*** RECORD EXCERPTS ***

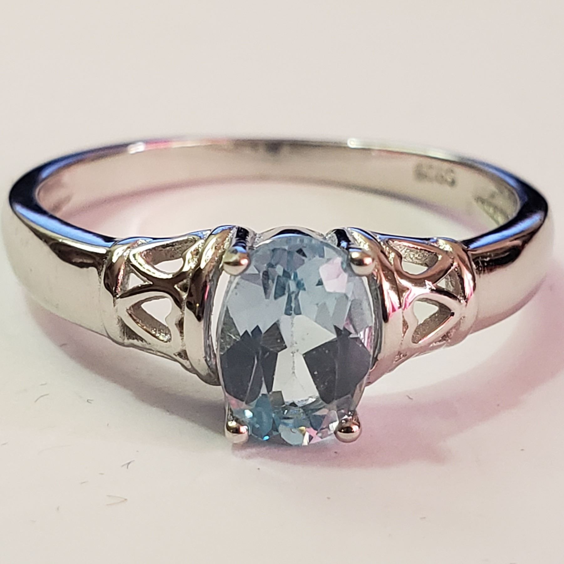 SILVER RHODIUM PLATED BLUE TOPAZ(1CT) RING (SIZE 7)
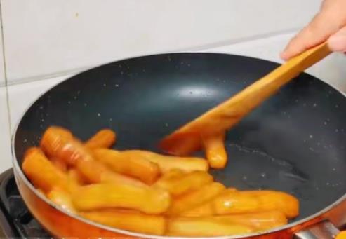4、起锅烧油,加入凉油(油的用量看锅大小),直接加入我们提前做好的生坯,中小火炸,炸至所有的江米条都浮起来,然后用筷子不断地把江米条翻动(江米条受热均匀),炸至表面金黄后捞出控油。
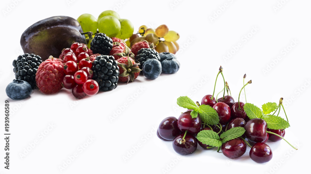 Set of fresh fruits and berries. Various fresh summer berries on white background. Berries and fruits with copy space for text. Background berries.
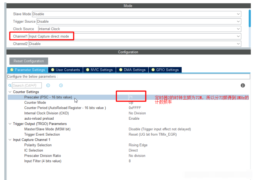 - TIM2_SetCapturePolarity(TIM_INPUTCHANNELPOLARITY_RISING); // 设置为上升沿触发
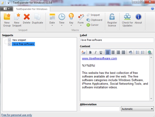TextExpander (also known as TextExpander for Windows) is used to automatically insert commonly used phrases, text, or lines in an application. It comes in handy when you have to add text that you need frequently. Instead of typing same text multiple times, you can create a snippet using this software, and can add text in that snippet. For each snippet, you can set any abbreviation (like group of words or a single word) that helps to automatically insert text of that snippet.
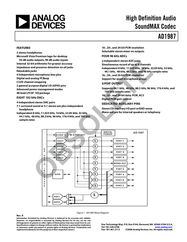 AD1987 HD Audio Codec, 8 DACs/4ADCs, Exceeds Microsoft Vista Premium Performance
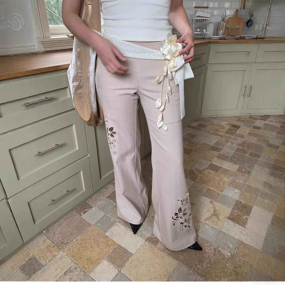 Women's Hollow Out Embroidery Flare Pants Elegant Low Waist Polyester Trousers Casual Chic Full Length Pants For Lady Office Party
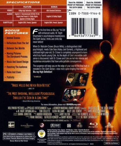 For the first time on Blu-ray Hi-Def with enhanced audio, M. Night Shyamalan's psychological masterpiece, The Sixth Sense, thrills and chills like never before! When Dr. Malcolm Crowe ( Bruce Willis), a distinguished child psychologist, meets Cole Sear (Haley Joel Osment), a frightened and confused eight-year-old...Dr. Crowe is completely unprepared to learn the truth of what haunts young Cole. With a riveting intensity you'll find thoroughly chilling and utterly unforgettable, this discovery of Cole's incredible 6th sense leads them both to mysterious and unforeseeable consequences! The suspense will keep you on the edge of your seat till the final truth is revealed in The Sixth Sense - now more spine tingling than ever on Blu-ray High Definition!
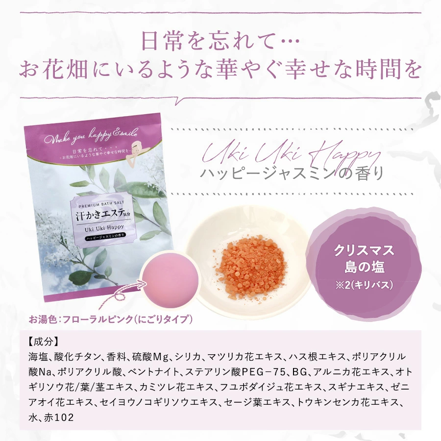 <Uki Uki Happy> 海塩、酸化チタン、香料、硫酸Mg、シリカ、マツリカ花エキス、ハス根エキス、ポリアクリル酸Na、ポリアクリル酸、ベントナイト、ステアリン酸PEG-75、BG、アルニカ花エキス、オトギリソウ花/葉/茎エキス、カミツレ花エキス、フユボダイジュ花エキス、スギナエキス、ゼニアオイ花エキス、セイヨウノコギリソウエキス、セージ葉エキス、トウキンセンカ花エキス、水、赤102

***

■ **BRIEF**
With the pictures left out, write out exactly the lines above from the one containing "4、起锅烧油,加入凉油(油的" through the one containing "Women's Hollow Out".

■ **RESULT FOR THIS TASK**
4、起锅烧油,加入凉油(油的用量看锅大小),直接加入我们提前做好的生坯,中小火炸,炸至所有的江米条都浮起来,然后用筷子不断地把江米条翻动(江米条受热均匀),炸至表面金黄后捞出控油。
 Set of fresh fruits and berries. Various fresh summer berries on white background. Berries and fruits with copy space for text. Background berries.
 - TIM2_SetCapturePolarity(TIM_INPUTCHANNELPOLARITY_RISING); // 设置为上升沿触发
TextExpander (also known as TextExpander for Windows) is used to automatically insert commonly used phrases, text, or lines in an application. It comes in handy when you have to add text that you need frequently. Instead of typing same text multiple times, you can create a snippet using this software, and can add text in that snippet. For each snippet, you can set any abbreviation (like group of words or a single word) that helps to automatically insert text of that snippet.
 AD1987 HD Audio Codec, 8 DACs/4ADCs, Exceeds Microsoft Vista Premium Performance
 Women's Hollow Out Embroidery Flare Pants Elegant Low Waist Polyester Trousers Casual Chic Full Length Pants For Lady Office Party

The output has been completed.